I had a friend once her name was Patrice, she is no longer with us may she rest in peace. Patrice was married to Gregory and they both had a son together. Patrice had an entrepreneurial spirit and so would be open to exploring various business ventures. She once went behind her husband’s back and invested money into a business idea that they didn’t budget for.
The money she invested was money they needed to pay the bills and buy groceries but she was so confident she would be able to replace the money in no time she figured Gregory would never notice.

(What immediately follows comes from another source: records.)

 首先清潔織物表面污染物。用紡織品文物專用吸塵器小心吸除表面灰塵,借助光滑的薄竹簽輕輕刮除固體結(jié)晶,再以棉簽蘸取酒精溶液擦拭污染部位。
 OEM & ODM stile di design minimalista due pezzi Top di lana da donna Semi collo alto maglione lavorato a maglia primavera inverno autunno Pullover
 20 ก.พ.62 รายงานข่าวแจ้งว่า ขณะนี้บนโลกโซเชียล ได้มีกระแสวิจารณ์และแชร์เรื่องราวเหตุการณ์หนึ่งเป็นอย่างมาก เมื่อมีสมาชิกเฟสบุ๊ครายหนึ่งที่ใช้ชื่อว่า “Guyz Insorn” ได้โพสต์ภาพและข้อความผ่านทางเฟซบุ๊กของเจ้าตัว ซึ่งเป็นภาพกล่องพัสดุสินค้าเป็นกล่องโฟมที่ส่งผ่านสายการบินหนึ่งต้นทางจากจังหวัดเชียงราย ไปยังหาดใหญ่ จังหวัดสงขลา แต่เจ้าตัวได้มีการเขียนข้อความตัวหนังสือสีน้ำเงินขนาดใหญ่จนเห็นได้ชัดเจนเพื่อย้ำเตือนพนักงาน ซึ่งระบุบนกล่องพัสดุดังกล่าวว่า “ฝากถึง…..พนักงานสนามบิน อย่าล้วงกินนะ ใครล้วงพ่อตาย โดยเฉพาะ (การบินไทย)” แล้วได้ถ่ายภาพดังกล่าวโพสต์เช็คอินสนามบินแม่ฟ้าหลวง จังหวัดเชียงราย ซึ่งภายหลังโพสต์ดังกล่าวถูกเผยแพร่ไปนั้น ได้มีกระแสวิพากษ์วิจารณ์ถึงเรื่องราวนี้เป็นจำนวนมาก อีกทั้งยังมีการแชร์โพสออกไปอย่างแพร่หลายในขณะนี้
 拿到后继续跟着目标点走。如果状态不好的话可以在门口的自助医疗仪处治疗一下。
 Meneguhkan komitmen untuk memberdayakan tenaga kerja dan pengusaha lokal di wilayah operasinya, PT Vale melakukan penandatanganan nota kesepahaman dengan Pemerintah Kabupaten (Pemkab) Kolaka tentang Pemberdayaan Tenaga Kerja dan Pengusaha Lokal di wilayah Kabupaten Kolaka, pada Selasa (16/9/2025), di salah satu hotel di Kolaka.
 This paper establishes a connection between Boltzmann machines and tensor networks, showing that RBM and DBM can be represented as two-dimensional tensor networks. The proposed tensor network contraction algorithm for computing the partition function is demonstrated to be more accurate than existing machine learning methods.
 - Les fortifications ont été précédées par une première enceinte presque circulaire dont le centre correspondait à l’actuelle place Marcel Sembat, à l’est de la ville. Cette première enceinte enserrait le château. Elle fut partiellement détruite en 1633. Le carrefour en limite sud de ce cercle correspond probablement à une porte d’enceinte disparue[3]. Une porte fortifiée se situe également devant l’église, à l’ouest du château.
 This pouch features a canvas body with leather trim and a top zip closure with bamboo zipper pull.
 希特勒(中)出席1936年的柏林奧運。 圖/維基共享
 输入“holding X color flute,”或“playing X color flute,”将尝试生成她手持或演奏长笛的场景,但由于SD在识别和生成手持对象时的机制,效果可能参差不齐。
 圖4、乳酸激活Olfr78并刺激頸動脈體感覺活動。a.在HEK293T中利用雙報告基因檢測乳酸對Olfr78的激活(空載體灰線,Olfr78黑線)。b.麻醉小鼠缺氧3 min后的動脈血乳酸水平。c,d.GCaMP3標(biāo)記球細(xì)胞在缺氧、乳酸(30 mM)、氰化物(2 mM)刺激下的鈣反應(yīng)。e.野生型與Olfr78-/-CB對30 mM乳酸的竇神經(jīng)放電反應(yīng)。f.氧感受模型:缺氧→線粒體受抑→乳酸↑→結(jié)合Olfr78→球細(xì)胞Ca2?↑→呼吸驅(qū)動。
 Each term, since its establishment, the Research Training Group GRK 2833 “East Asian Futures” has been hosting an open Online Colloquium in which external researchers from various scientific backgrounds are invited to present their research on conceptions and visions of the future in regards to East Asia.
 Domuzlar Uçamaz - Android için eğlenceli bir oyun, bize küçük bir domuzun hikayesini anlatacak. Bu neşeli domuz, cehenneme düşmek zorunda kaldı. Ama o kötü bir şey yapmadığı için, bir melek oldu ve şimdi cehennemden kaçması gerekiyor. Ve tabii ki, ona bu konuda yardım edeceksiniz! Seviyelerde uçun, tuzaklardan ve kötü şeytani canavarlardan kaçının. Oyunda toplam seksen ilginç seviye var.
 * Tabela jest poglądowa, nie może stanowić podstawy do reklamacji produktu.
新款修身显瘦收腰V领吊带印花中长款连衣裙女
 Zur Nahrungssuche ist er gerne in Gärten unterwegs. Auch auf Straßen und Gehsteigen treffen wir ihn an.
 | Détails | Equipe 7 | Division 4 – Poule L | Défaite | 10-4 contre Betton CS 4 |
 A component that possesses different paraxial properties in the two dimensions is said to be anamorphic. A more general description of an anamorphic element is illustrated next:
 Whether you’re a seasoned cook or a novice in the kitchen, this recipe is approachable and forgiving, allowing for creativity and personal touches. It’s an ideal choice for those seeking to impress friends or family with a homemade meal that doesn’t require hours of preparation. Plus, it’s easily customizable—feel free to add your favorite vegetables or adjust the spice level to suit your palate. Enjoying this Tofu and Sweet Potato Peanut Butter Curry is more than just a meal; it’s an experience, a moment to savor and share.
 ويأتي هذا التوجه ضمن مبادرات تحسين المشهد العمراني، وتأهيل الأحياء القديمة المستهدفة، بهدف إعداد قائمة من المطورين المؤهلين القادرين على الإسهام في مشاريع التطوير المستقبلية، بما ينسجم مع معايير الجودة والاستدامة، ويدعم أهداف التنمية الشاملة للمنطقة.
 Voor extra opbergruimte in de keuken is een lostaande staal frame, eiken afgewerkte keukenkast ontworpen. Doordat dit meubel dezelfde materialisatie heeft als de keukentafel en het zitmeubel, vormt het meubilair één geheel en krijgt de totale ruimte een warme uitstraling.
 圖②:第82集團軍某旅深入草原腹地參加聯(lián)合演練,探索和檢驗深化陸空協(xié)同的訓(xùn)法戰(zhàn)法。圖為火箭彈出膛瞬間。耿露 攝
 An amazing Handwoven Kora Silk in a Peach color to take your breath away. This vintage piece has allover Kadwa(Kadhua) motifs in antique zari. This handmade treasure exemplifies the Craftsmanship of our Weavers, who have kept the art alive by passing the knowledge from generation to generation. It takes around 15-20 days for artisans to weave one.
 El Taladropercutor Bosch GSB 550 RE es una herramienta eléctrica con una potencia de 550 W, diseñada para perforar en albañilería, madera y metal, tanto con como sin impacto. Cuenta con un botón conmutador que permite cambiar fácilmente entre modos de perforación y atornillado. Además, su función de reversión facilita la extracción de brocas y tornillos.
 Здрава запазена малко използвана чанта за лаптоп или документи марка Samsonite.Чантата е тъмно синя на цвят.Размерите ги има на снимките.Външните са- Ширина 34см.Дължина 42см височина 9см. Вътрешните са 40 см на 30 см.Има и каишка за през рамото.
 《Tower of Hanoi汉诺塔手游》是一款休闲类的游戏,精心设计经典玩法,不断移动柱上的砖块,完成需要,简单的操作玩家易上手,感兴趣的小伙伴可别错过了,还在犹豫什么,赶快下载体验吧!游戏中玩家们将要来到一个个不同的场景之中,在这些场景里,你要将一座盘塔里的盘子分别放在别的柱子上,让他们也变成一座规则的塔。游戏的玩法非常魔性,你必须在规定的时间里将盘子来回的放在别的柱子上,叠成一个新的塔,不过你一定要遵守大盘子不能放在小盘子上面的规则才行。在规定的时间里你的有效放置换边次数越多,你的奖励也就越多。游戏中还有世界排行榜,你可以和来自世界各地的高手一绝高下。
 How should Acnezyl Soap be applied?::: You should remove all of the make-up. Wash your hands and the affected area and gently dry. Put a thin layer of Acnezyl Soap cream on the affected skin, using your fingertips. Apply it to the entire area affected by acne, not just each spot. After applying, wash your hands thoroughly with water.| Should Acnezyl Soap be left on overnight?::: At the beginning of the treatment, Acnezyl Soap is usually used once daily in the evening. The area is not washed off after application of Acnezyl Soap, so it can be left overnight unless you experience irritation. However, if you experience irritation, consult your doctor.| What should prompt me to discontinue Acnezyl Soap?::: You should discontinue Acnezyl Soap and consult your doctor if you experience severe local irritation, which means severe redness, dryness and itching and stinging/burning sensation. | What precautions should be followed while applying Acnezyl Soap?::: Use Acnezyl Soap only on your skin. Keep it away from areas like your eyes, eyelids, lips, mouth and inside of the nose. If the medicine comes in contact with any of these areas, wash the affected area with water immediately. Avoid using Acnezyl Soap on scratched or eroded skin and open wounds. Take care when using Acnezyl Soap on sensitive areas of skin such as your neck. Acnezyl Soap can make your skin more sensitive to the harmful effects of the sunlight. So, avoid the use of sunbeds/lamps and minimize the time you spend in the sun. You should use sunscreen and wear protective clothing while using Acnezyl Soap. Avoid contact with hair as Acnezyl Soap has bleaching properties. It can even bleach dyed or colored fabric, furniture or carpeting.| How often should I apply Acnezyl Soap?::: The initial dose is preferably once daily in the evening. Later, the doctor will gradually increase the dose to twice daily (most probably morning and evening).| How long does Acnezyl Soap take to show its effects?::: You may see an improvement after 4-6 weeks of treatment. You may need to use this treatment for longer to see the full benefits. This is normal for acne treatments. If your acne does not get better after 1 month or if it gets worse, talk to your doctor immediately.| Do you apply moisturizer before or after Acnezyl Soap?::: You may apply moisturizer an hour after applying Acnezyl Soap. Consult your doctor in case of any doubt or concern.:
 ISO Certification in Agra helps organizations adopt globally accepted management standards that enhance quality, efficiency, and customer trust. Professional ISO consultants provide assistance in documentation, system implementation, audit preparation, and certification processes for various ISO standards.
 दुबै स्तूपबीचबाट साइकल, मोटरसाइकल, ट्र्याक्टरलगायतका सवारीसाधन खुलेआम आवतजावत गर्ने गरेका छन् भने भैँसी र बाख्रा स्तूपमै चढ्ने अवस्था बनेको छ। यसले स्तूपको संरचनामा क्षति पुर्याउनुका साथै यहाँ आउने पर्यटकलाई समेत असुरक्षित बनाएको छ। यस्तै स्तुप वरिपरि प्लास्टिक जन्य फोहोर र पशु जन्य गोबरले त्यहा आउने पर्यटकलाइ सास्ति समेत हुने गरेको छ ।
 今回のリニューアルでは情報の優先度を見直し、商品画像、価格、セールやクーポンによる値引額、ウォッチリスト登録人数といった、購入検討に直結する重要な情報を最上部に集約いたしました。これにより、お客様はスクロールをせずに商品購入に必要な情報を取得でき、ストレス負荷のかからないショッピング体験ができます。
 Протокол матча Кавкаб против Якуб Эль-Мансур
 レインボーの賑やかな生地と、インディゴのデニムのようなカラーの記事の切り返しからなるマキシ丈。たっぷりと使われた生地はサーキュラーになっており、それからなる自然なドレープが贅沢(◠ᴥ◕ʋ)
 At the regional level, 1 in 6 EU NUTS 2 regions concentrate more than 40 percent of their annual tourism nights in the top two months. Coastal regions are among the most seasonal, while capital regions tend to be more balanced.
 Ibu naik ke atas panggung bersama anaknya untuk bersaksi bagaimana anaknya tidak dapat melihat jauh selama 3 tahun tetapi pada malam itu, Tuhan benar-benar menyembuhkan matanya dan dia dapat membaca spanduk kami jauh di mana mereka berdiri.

Unfortunately, the business deal didn’t work out the way she intended and when bill and grocery time came there was no money. Gregory was angry about the situation and her dishonesty. They had to borrow money to cover the bills and food that month. Though he pardoned his wife’s dishonesty for which she was truly sorry, he now kept closer tabs on all the family's money.
At first, Patrice understood but soon it started to become overbearing. She couldn’t spend a dollar out of any of the accounts without him knowing and whenever he confronted her on spending habits, he would repeatedly bring up the bad investment she made that cost the family dearly.
Patrice, now frustrated by her husband’s contempt, wondered why Gregory couldn’t forgive her and move past the mistake she made so long ago and I wondered the same thing so I confronted him about it. The conversation went like this.
Gregory: “I know how impulsive Patrice can be and so it is my duty to protect the finances from her lack of self-control.
Me: “Has she made the same mistake more than once?
Gregory: “No, because she knows I am keeping close tabs on our money”.
Me: Do you think she is sincerely sorry?
Gregory: “Yes, I mean, it seems that way to me, she has been very transparent with her spending ever since.”
Me: “So why won’t you forgive her?
Gregory: “I have forgiven her I’m just being cautious”.
Me: “Well bro, she doesn’t feel forgiven because the mistake of her past haunts her through your cautious behavior toward her and the constant bringing up of the incident in your arguments about money. It is causing her to resent you and is pushing her further and further away, she feels she will never regain your trust and is starting to think the marriage has run its course. Do you want her to be more comfortable with you and confident in your marriage?”
Gregory: “Yes, I would love to restore what we once had.”
Me: “Great, well then you can start communicating that to her and trusting her some more. Negotiate with her a monthly spending limit that will act as a boundary within which she has the freedom to spend or save up for something specific. By doing this she will feel forgiven by you.”
Gregory took my advice and though Patrice put up resistance to the boundaries at first, we explained why they were important and that he was giving himself the same boundaries. Their relationship started flourishing and they had another baby on the way when she passed. Unforgiveness would have caused the downfall of their marriage and even deeper regret in Gregory’s heart but grace, structure and fairness made the relationship improve.
Are you harboring resentment against your spouse for a hurtful thing he/she may have said out of anger? Or maybe he or she refuses to give you the attention you need to feel loved and appreciated.
Our natural tendency is to fight fire with fire, however, we must always on a regular basis ask ourselves “what is more important to me, my marriage or my pride?” “My spouse’s opinion or the opinions of my friends?” The one we value more is the one we will continually choose.
Your choices send a clear message to your spouse, either I value you and really want us to work out, or I value other things and other people above you and don’t believe we can work together. Our behavior also communicates whether we have truly forgiven them or not.